#138 さぬきうどんお接待
あれは去る4月の25日のことだった。彼から突然、電話がかかってきて、「明日四国に入るので、寄ってもいいですか?」というので、「いつでもいらっしゃい」と答えた。彼の名は小川隆治。神奈川のとある会計事務所で働いていたけど、うどん好きが高じ、この度脱サラして自身のうどん店を始めることになりました。お店の場所は彼の故郷である新潟県上越市、店の名は鶴越製麺所。

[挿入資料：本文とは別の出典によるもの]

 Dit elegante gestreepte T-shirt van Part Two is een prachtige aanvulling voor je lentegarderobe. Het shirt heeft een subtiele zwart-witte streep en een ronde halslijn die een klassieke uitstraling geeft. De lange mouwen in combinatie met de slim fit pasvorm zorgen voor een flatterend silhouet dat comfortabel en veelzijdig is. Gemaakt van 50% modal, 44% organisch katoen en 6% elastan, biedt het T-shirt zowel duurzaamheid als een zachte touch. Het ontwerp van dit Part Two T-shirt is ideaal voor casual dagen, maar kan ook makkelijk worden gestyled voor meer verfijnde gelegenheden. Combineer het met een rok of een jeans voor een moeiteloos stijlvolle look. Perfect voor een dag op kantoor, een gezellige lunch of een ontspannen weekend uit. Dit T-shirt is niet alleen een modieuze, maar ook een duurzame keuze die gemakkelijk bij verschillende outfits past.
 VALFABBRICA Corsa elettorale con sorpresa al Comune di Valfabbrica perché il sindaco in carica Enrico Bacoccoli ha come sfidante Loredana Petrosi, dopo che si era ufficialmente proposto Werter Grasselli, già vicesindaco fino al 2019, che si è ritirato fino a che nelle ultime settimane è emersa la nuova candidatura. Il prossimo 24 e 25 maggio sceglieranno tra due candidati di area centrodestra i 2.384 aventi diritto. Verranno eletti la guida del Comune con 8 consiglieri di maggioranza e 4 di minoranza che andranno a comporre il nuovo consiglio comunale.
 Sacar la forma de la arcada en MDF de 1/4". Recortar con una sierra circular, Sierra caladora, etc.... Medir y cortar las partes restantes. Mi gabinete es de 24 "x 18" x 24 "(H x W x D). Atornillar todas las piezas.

何でも、この6月の開店を前に、「ぜひさぬきでうどん修行の仕上げをしたい」っと。具体的には、このGWを挟んだ2週間、お遍路さんの接待所を廻りながら、手打ちうどんを無料でお接待したいという、非常に奇特な心構えでやって来ました。そして、うどん接待も最終日を迎えた5月8日、坂出市加茂町の「歩きへんろ・加茂駅」にてその奮闘振りを覗いてきました。

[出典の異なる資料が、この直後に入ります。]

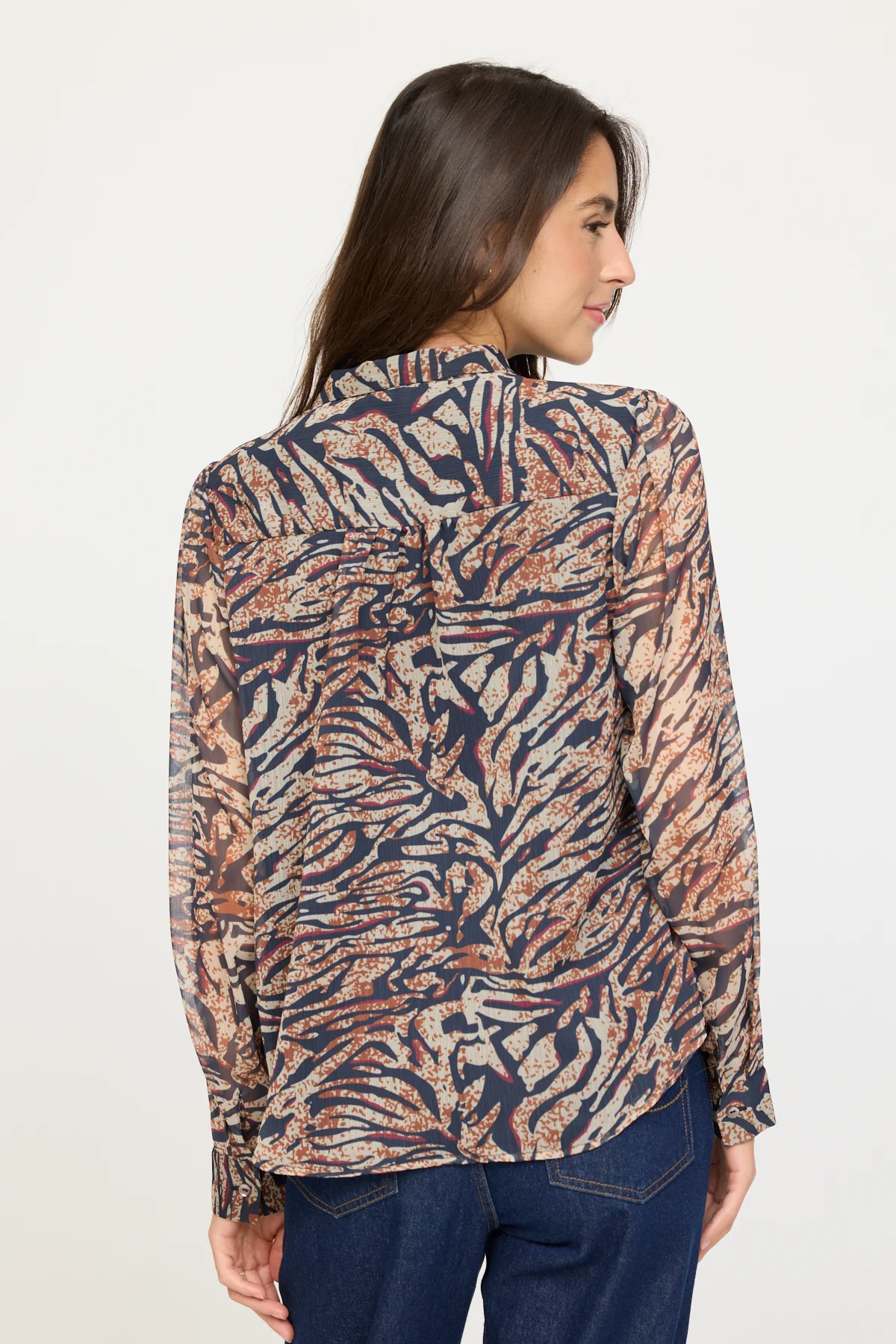 Blouse femme en mousseline doublée au motif léopard confectionnée en 100% polyester, elle offre une matière fluide, aérienne et confortable grâce à sa doublure intégrée.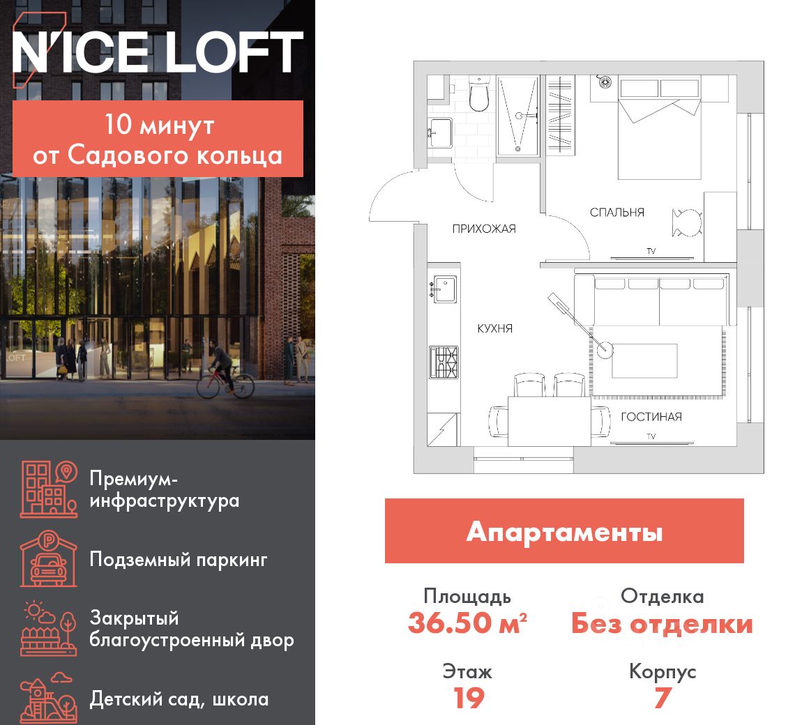NICE LOFT — готовый жилой квартал с собственным спортивным кластером в 10 минутах от Садового кольца Комплекс апартаментов бизнес-класса NICE LOFT, девелопером которого выступила компания Coldy, представляет собой знаковое жилое пространство, на территории которого органично объединены высококачественная инфраструктура для комфортной жизни и полноценный спортивный кластер. NICE LOFT — новая спортивная доминанта Москвы, где для жителей и их гостей предусмотрено более 20 000 м², созданных специально для тренировок, игр, восстановления и оздоровления. Автором выразительной городской эстетики выступило архитектурное бюро APEX. Строгие силуэты фасадов эффектно возвышаются над благоустроенным окружением, а световые блики элегантно подчеркивают структурное фасадное остекление. Сердце проекта — физкультурно-оздоровительный комплекс с двумя ледовыми аренами формата НХЛ — профессиональными площадками. Помимо спортивных арен на территории NICE LOFT предусмотрено пять многофункциональных залов, где каждый, сможет реализовать свой спортивный потенциал. Для тех, кто предпочитает тренировки и прогулки на свежем воздухе, создан спортивный парк общей площадью 6 300 м² с воркаут-зонами, игровыми площадками и уединенными пространствами для отдыха. Также внутри квартала проложена километровая беговая дорожка, которая доступна к использованию в любое время года. Особое внимание архитекторы уделили входной группе — просторное авторское лобби с потолками до 9 метров с использованием природных элементов. Резиденты и их гости смогут насладиться садом, не покидая пределы дома. Территория апарт-комплекса NICE LOFT соответствует современным стандартам безопасности: инновационная система видеонаблюдения, охраняемый подземный паркинг и круглосуточный консьерж-сервис. Преимущества NICE LOFT: Готовый жилой квартал с собственным спортивным кластером в 10 минутах от Садового кольца Современная архитектура с выразительными контрастными фасадами Спортивная инфраструктура 20 000 м²: 2 ледовые арены формата НХЛ, 5 залов, беговая дорожка 1 км Спортивный парк 6 300 м² с зонами для разных видов активностей Более 10 видов спорта в одном кластере Апартаменты с панорамными окнами и потолками до 5 метров Видовые лоты с террасами и патио Авторское лобби с потолками до 9 метров Консьерж-сервис 24/7 Охраняемый подземный паркинг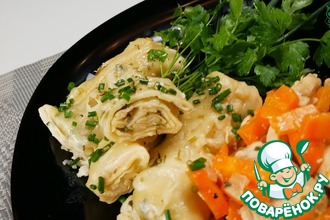 5. положить на один край кусочка овощи и брусочек сыра (около15гр).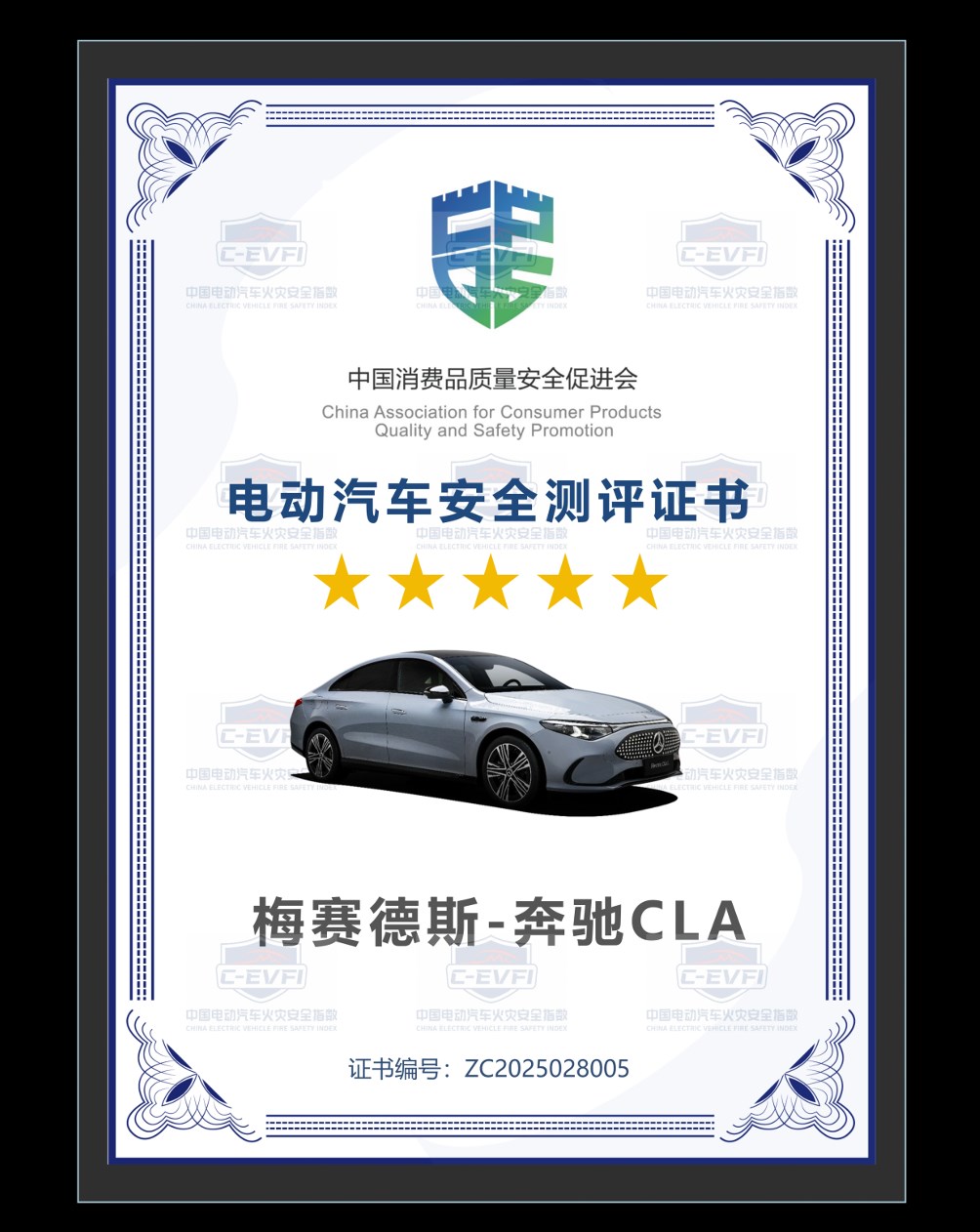 全新純電長軸距CLA采用多級高壓安全理念,在碰撞時車輛的高壓系統(tǒng)可以自動關(guān)閉,電池包毫秒級切斷高壓響應,2秒內(nèi)電壓歸零。日前,全新純電長軸距CLA通過了中國電動汽車火災安全指數(shù)的測評,獲得五星安全認證:在第三方測試中,在單個電芯熱失控后,整車未起火、未爆炸,動力電池熱穩(wěn)定性滿足2026年生效的新國標的要求。

24時間前に仕込んだといううどんは熟成ばっちりの、文句なしのうどんで、ぶっかけと釜だしの二杯をごちそうになりました。食感もさることながら、小麦の風味がぷんぷんで、箸の進むうどんというのは、やっぱりこんなカンジかな、と思います。それにしても箱バンに人生を詰め込み、うどんを打ちながら、また野宿しながらの2週間、彼の生活を支えているのは、うどんに対する情熱でしょうか。

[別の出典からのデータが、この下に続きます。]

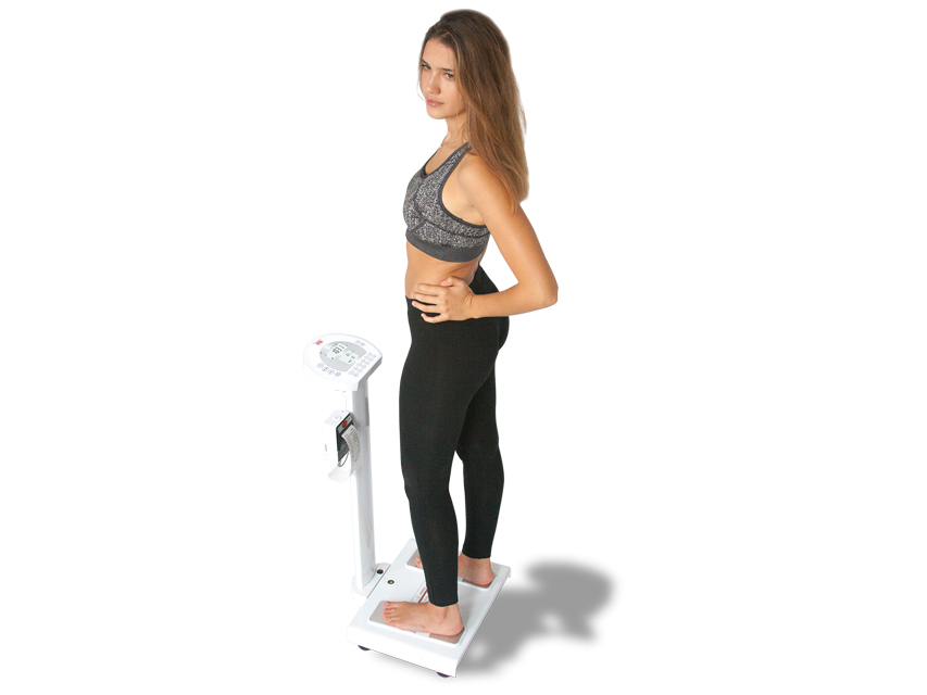 Esame semplice, rapido e non invasivo dell’indice di massa corporea IMC, del grasso, della massa muscolare e dell’acqua.
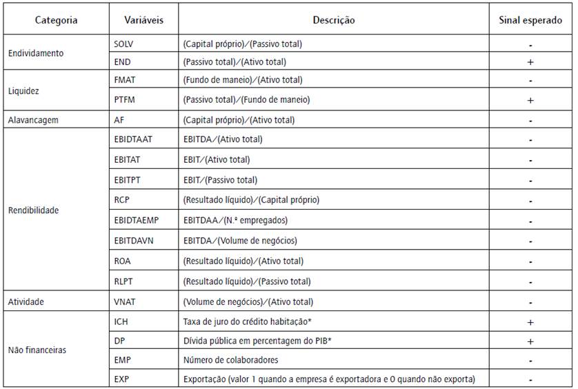 De modo a constatar quais os principais fatores que induzem à falência de uma empresa (variáveis independentes) no setor da construção, selecionaram-se diversas variáveis explicativas do acontecimento. Estas variáveis traduzem-se essencialmente em rácios financeiros distribuídos nas categorias de endividamento, de liquidez, de alavancagem, de rendibilidade e de atividade. Estes rácios foram essencialmente selecionados com base na significância que apresentaram noutros estudos, assim como pela disponibilidade de dados existente. Apesar de serem os rácios financeiros que desempenham papéis representativos nos estudos anteriores, serão também testadas algumas variáveis não financeiras, o que constitui um aspeto inovador do presente artigo. As variáveis selecionadas e os sinais esperados para a relação destas com a falência de empresas do setor são apresentadas no quadro 3.

そういえば、前にもこんな青年がいました。そうそう、全国縦断しながらうどん修行中の「さすらいのうどん職人(新着情報#108)」竹原友徳くん。彼のうどん修行も現在、沖縄での長期滞在を終えて鹿児島に戻ってきたあたりです。それにしても、皆さんずっとうどん打っていると、無性に旅がしたくなるんですかね。
小川隆治さんは、この後修行先であった「あづまうどん」に行き、大将にお別れの挨拶をすませ、いよいよ新潟に戻ります。ラーメン激戦地といわれている新潟の地で、どうかさぬきうどんを根付かせてほしいと願わずにはいられません。鶴越さん、がんばってね。